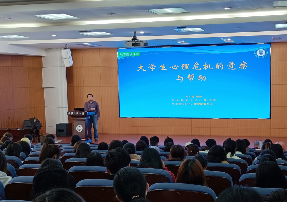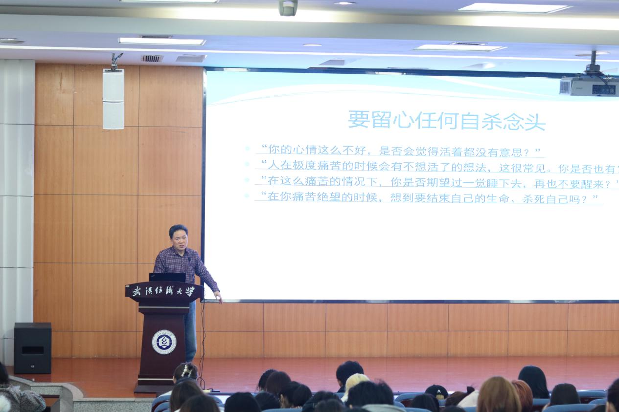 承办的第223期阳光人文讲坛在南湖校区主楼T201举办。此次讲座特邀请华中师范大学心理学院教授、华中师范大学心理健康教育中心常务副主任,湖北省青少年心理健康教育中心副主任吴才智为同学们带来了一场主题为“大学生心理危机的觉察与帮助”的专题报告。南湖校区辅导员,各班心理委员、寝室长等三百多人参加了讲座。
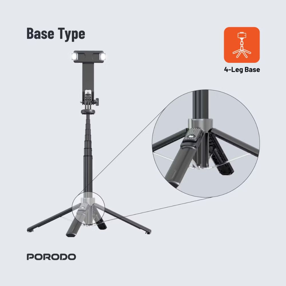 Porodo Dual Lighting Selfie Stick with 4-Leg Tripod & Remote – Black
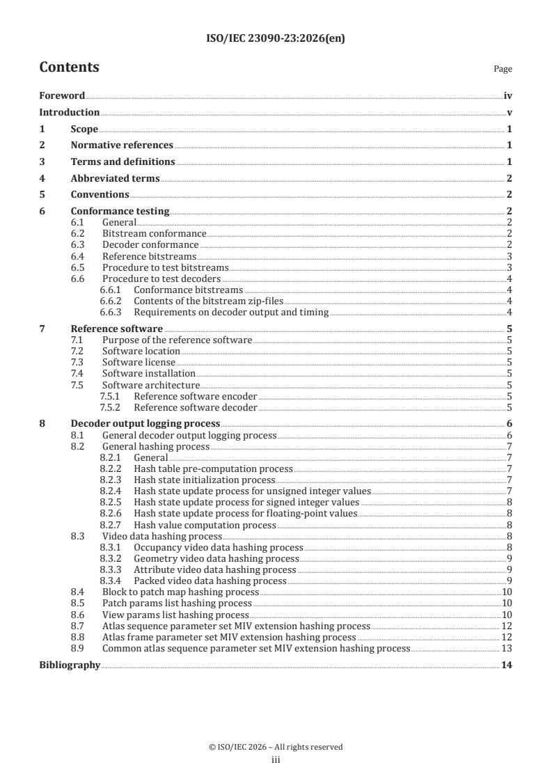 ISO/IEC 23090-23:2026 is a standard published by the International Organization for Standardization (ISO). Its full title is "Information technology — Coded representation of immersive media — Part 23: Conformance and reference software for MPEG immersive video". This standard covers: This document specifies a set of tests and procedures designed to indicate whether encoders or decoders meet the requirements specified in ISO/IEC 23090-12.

**Problem to work on**
In your copy of the material, every word must match and no image should appear.

**Exercise solution**
 承办的第223期阳光人文讲坛在南湖校区主楼T201举办。此次讲座特邀请华中师范大学心理学院教授、华中师范大学心理健康教育中心常务副主任,湖北省青少年心理健康教育中心副主任吴才智为同学们带来了一场主题为“大学生心理危机的觉察与帮助”的专题报告。南湖校区辅导员,各班心理委员、寝室长等三百多人参加了讲座。
 Porodo Dual Lighting Selfie Stick with 4-Leg Tripod & Remote – Black
 ISO/IEC 23090-23:2026 is a standard published by the International Organization for Standardization (ISO). Its full title is "Information technology — Coded representation of immersive media — Part 23: Conformance and reference software for MPEG immersive video". This standard covers: This document specifies a set of tests and procedures designed to indicate whether encoders or decoders meet the requirements specified in ISO/IEC 23090-12.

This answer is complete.